16. The axial flux machine according to claim 15, wherein the axial flux machine comprises an actuator, the actuator comprising one or more axially displaceable parts, and adapted to push the first and the second rotor disk apart by an axial movement of the one or more axially displaceable parts.
17. The axial flux machine according to claim 16, wherein the actuator comprises a first and a second axially displaceable wall, both positioned between the first and the second rotor disk, wherein the first respectively second wall is in contact with the first respectively second rotor disk.
18. The axial flux machine according to claim 17, wherein the actuator comprises a fluid chamber adapted to receive a hydraulic fluid, and wherein the fluid chamber comprises the first and the second axially displaceable wall, such that an axial displacement of the first and second rotor disk changes the volume of the fluid chamber.
19. The axial flux machine according to claim 18, wherein the volume of the fluid chamber is controlled based on a hydraulic pressure.
20. The axial flux machine according to claim 15, wherein the shifting element is separate from the coupling element, thereby allowing for a rotation of the shifting element relative to the coupling element during an axial displacement of the first and second rotor disk.
21. The axial flux machine according to claim 15, wherein the cylindrical surface comprising the first and second guiding spline faces the cylindrical surface comprising the third guiding spline.
22. The axial flux machine according to claim 15, wherein the shifting element is integrated in the shaft.
23. The axial flux machine according to claim 15, wherein the path of the first guiding spline describes a left-handed helix, and the path of the second guiding spline describes a right-handed helix.

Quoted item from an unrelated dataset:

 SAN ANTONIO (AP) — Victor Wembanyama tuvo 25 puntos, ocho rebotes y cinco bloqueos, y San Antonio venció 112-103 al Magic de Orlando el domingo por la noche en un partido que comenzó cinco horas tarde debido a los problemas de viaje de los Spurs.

24. The axial flux machine according to claim 15, wherein the third guiding spline is adapted to establish one or more tongue-and-groove connections between the coupling element and the first respectively second rotor disk.
25. The axial flux machine according to claim 15, wherein the third guiding spline comprises one or more straight ribs extending in axial direction, said one or more ribs being adapted to mesh with one or more straight grooves comprised in the first and second rotor disk and extending in axial direction.
26. The axial flux machine according to claim 15, wherein the rotor further comprises one or more springs positioned between the first and the second rotor disk, the one or more springs adapted to push the first and the second rotor disk apart.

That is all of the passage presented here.